The cities I have lived in always had more liquor shops than bookstores. The denim brands at the shopping malls grew, inventing slim-fits and ripped jeans and flare jeans, wooing people by bringing back the same old fashion every five years. There were queues waiting outside hookah bars, and theatres ran the same clichéd love stories with misogynist songs but the shows were always houseful.
Only the bookstores remained empty.
Shelves stacked with Dostoevsky and Tolstoy and Pushkin stared into oblivion, slowly acknowledging that maybe Russian writers are destined to live lonely lives. Kafka was disheartened, Hemingway grunted in anger, Plath returned to her bell jar and Shakespeare could not decide whether to be or not to be.
Maybe nerds these days don’t go out for dates at all. Maybe it’s Amazon or e-books or the hectic work lives. Whatever the reason is, it was apparent that bookstores did not get the attention they deserved.
Despite the convenience offered by e-commerce sites, book discovery is difficult online, since presently, an algorithm often ends up suggesting to you only books which are popular.
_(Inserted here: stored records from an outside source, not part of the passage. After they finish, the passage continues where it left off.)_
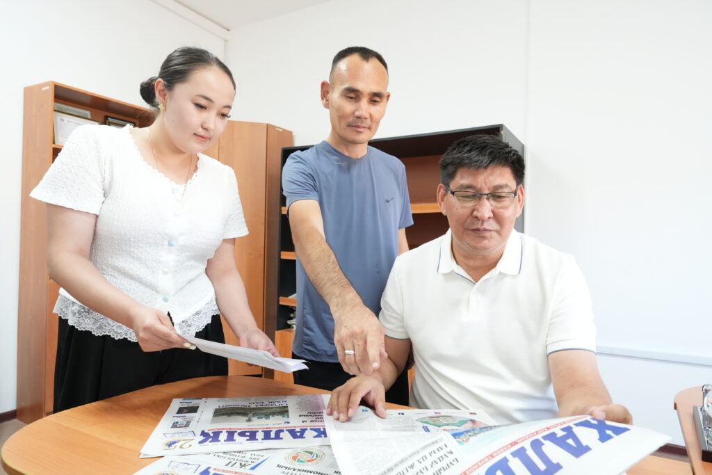 Бас редактор Нұржан Әбжанұлы, тілшілер Тұрар Бекмырзаев пен Оразкүл Темірғали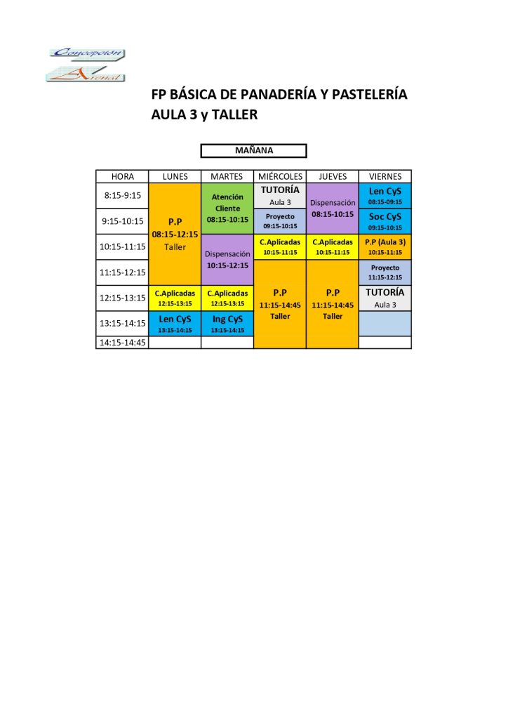 HORARIO FPGB «Actividades de Panadería y Pastelería»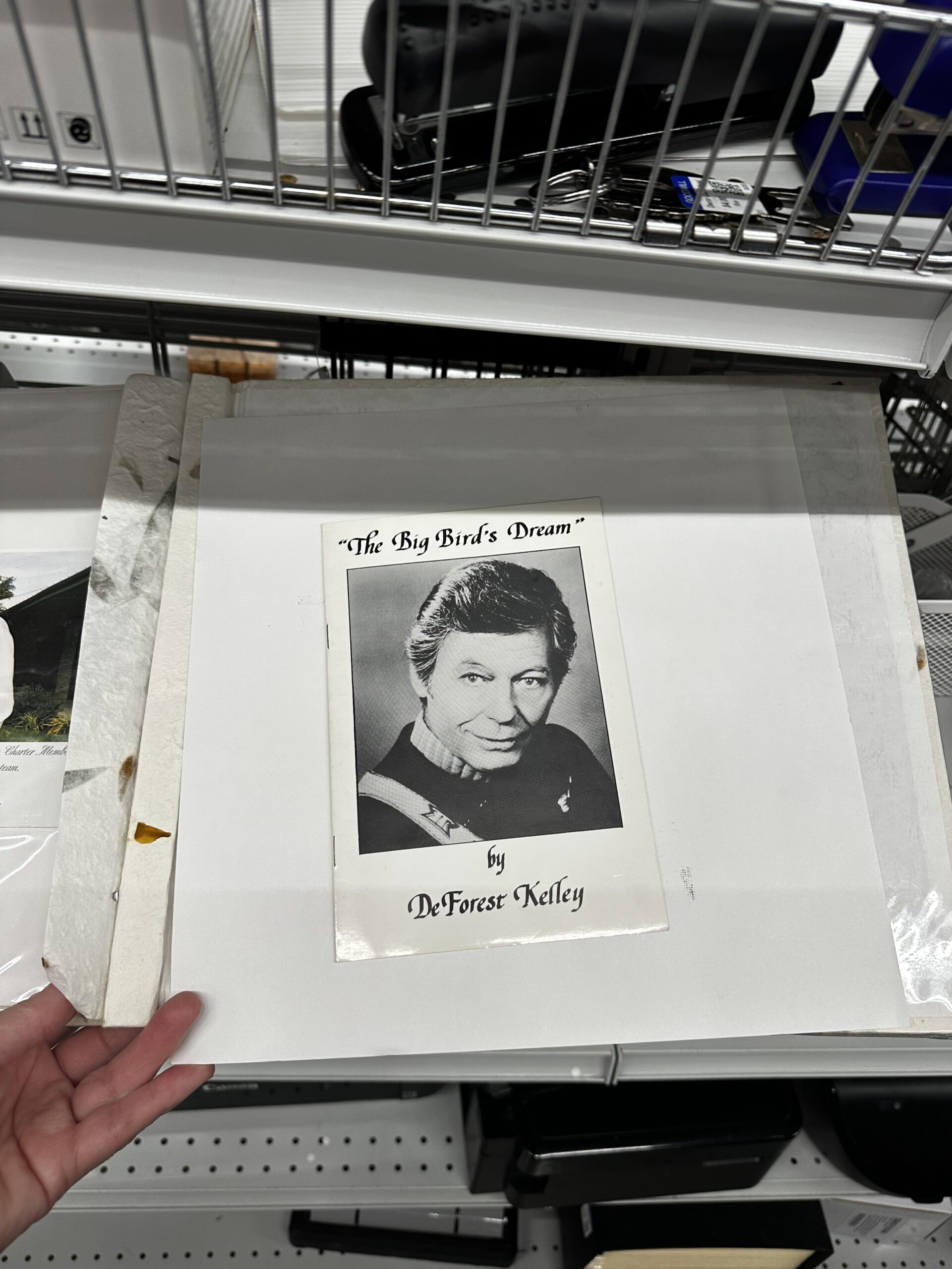 I spent $9.99 on a photo album that was filled with Star Trek mementos, including this poem booklet from DeForest Kelley, aka "Doctor McCoy" from the original Star Trek series. It's definitely worth more than ten dollars, although I can't find an unsigned one. The signed ones seem to sell for around $175, so I'll probably price this one at $75.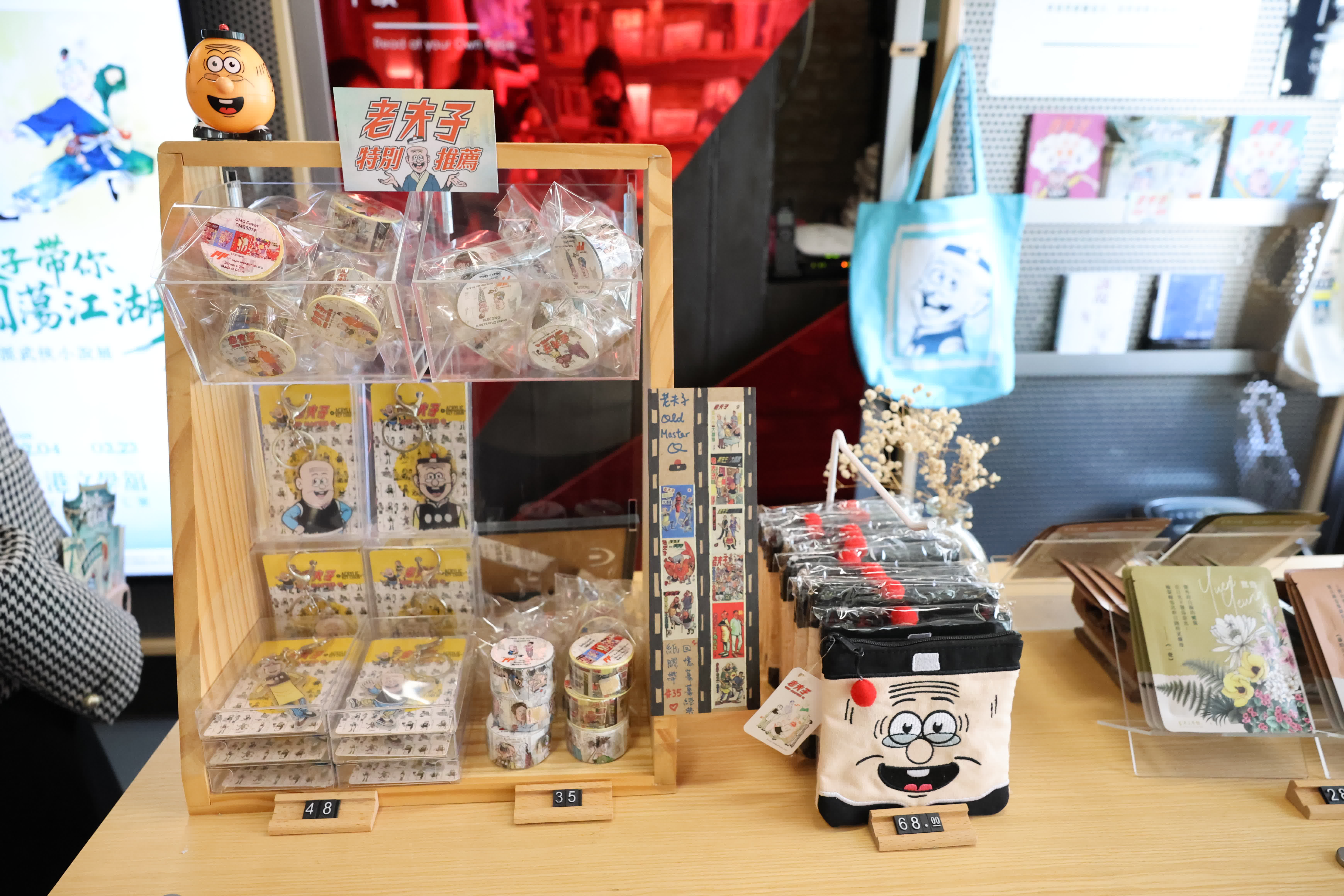 展區靠近三樓電梯間設置「展覽限定印章」,觀眾可在場刊最後一頁蓋上,作為參觀留念。同層「隨心書店」亦有展覽限定的「老夫子特別推薦」周邊商品,包括造型夾子、老夫子角色布袋、鑰匙圈及膠帶等。展覽期間,香港文學舘亦將舉辦多場展覽主題相關的文化沙龍,邀請學者、作家及文化工作者分享見解。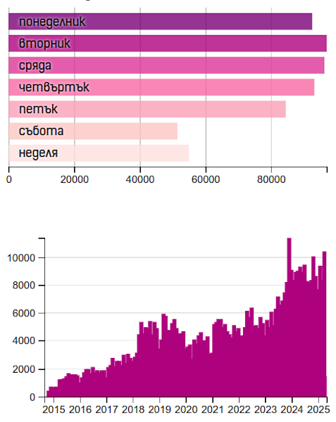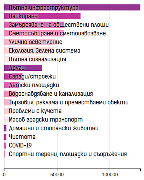 Call.sofia.bg e порталът на Столична община за подаване на сигнали, предложения и оплаквания за нередности в градската среда. Порталът помага да следим развитието на собствените си сигнали и получени отговори от общината. Тази карта показва над 570 хиляди сигнала, подадени между 2015 г. и 2025 г.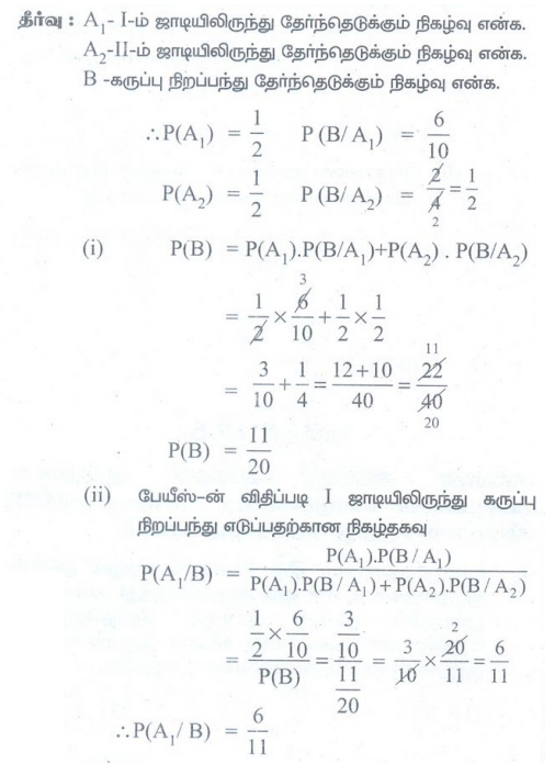 (2) ஒத்த இரு ஜாடிகளில், ஒன்றில் 6 கருப்பு மற்றும் 4 சிவப்பு நிறப்பந்துகள் உள்ளன. மற்றொரு ஜாடியில் 2 கருப்பு மற்றும் 2 சிவப்பு நிறப்பந்துகள் உள்ளன. சமவாய்ப்பு முறையில் ஒரு ஜாடி தேர்ந்தெடுக்கப்பட்டு அதிலிருந்து ஒரு பந்து எடுக்கப்படுகிறது.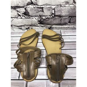 Sundance Olive Leather Open Strap Back Zip Flats Sandals Women Sz 41EU/10.5M US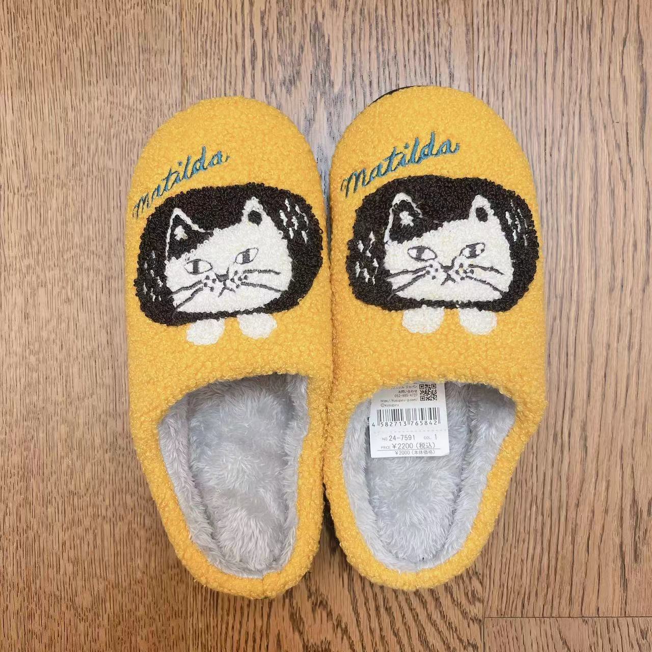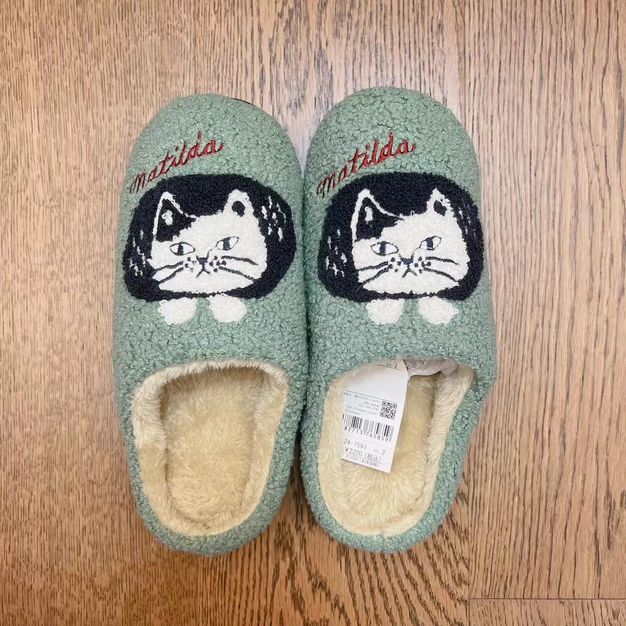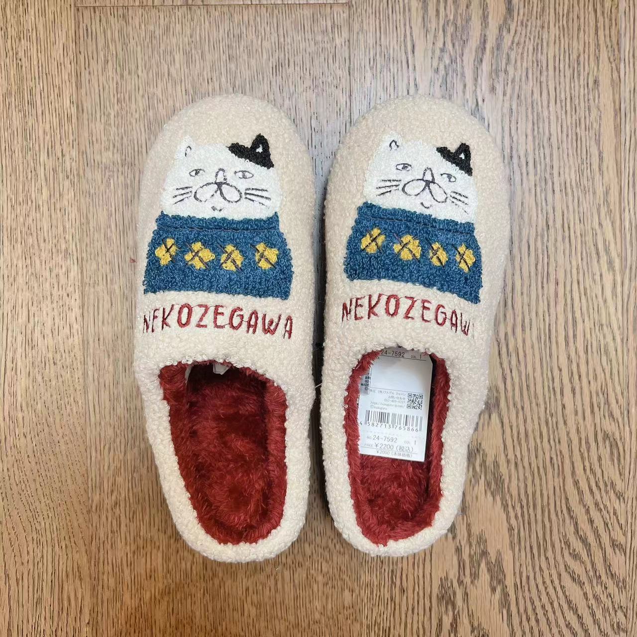 일본 쿠스구루 자수 자카드 고양이 슬리퍼 캐시미어 과립 바닥 걸레 미끄럼 방지 산후 신발 따뜻한 208스토어 가기

My online experience has been limited to the Bookers and Pulitzers, Rowling and Murakami – but bookstores made me discover Orhan Pamuk’s Istanbul, or Mohsin Ahmed’s Exit West, Murugan’s One Part Woman, books on the adivasis, Africans and Native Americans which the general masses might not popularise. Online, the closest you can get to Bukowski is Post Office or Women – but at bookstores, you won’t be able to ignore South of No North.
Academic reads like Chomsky’s On Language or Chimamanda Ngozi Adichie’s We Should All be Feminists or Cairo by Ahdaf Soueif might not be of our taste but at bookshops, there is a chance of love at first sight. Even sites like Goodreads often rank books on the very assumption that all these names are being read equally.
In bookshops, your exploration is completely your own, free from the tyranny of majority, which lets you find books you conventionally won’t.
For broke bibliophiles, independent bookstores offer very good prices. Online, unpopular books almost never have price cuts, and if they do, it might vary from 5-20% – while discounts at most bookstores begin at 20-30%.
The variety of second-hand books is larger in a brick and mortar store, and with it come the little notes written on the margins by previous owners, reminding you how stories are universal legacies to be passed on to minds which are still strangers to them. I wish e-books could make us feel anything closer to this.
Only last month, I discovered a book-cafe in the outskirts of Bhubaneswar called “Walking Bookfairs” who were formerly a book-van, travelling across the country to libraries and villages bringing story-books to little children in an era when parents only care to buy them textbooks.
Reading was often a luxury limited to the privileged – since a hungry farmer or wage-labourer never had the time, peace of mind or ability to read/interpret books. But this bookstore believed knowledge was for everyone, irrespective of social positions, and made a movement out of their vision; publishing poetry books written by common men, organising human-library events in which you could borrow a person and read their lives through conversations and finally, building a book-cafe with handpicked books from Faulkner to Chinua Achebe, Atwood to Ishiguro.
This is what makes independent bookstores different from large chains or websites. Ray Bradbury once warned, “You do not have to burn books to destroy a culture. Just get people to stop reading them”. Culture is the essence of human existence and books are its very embodiment where our history, politics, mythology and scientific advancements are preserved and remembered. They deserve to be kept alive, in libraries, bookshops and the bookshelves of little children who do not deserve to grow up with closed minds.
(Bijaya Biswal is a 22-year-old student of Medicine and Surgery. She takes a keen interest in art movies, theatre and books on history and philosophy.)